In-situ X-ray diffraction and radiography of iron-silicate-water-sulfur system simulating behaviors of light elements during early Earth's core-mantle segregation

The Earth's iron-rich core contains light elements. Studying the interaction of multiple light elements with iron and silicates during core-mantle segregation process in early Earth evolution has become important. In-situ X-ray diffraction and imaging observations of the iron-silicate-water-sulfur system at 5-10 GPa, up to approximately 1900 degrees C, were used to elucidate sequential reactions: phase transformation and hydrogenation of iron, and formation of iron sulfide and silicates. The newly constructed X-ray imaging system achieved spatial resolution of approx. 10 mu m for this study to show iron blob formation and motion. Sulfur distorted the iron blob shape and affected blob growth during heating by reducing the interfacial energy between molten iron and silicates. Light elements in the molten iron and the remaining silicate grains affected core-mantle segregation in the primitive Earth as temperatures increased.
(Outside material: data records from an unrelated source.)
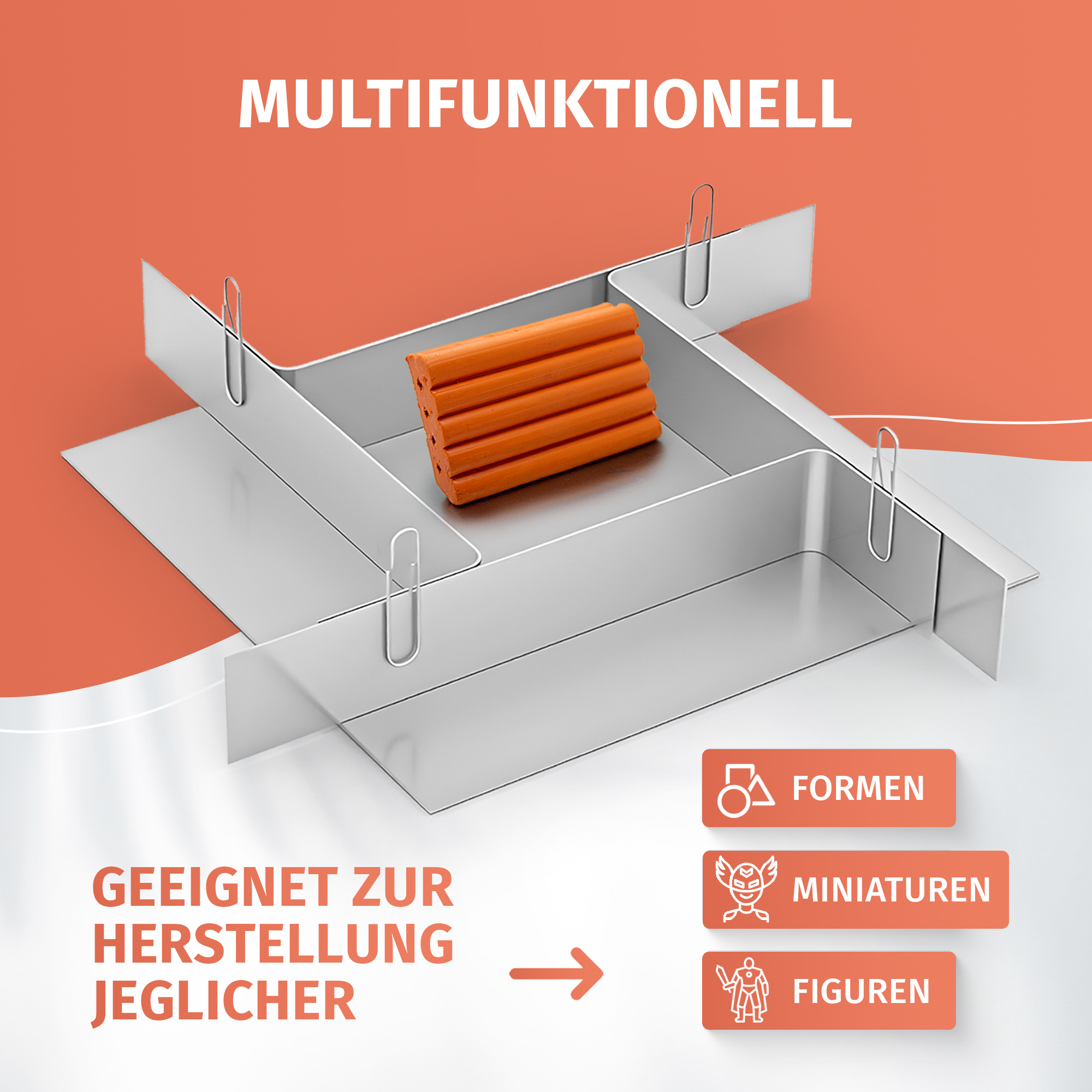 Sollte es erforderlich sein, größere Objekte zu umschließen, so kann man die Bleche mehrerer Formbaurahmen zu einem größeren Gießkasten problemlos zusammenfügen.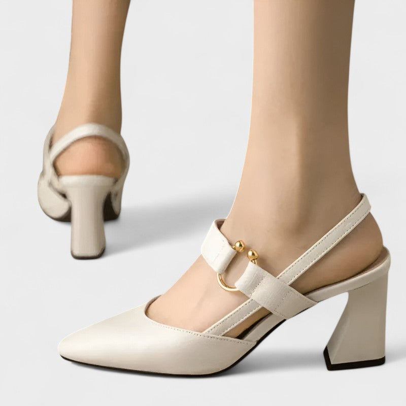 Um sapato de salto que une elegância e modernidade com um design único. O detalhe metálico adiciona um toque sofisticado e distinto, enquanto o salto estruturado garante presença marcante em qualquer ocasião.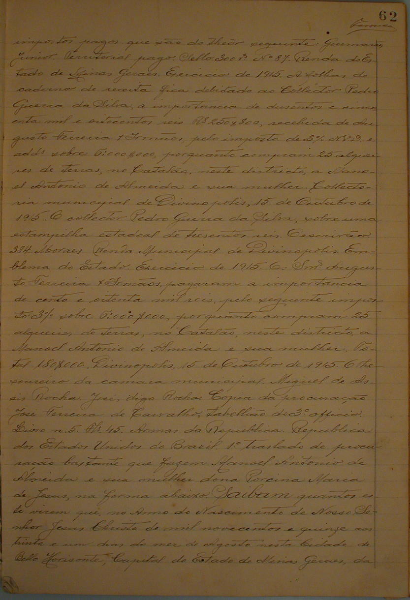 ESCRITURA PUBLICA DE COMPRA E VENDA DE BENS DE RAIZ DE UM PASTO COM 25 ALQUEIRES DENOMINADO “PASTO DO CATALÃO” SITUADO NO SUBÚRBIO DESTA CIDADE, QUE FASEM MANOEL ANTÔNIO DE ALMEIDA E SUA MULHER DONA PORCINA MARIA DE JESUS RESIDENTES EM BELO HORIZONTE E REPRESENTADO POR SEU PROCURADOR PEDRO TEIXEIRA COIMBRA E A AUGUSTO FERREIRA E IRMÃOS, AOS 16 DIAS DO MÊS DE OUTUBRO DE 1915, NESTA CIDADE DE DIVINÓPOLIS, PELA QUANTIA DE 6:000$000 (SEIS CONTOS DE RÉIS).

Carbon and silicon were incorporated into liquid Fe during later processes at higher temperatures.

Automated summary

The interaction of light elements with iron and silicates in Earth's core-mantle segregation process is crucial for understanding early Earth evolution. This study used in-situ X-ray diffraction and imaging observations to investigate the sequential reactions and formation of iron sulfide and silicates. The results showed that sulfur affected the shape and growth of iron blobs by reducing the interfacial energy between molten iron and silicates. Light elements and remaining silicate grains also played a role in core-mantle segregation as temperatures increased. Carbon and silicon were incorporated into liquid iron during later processes at higher temperatures.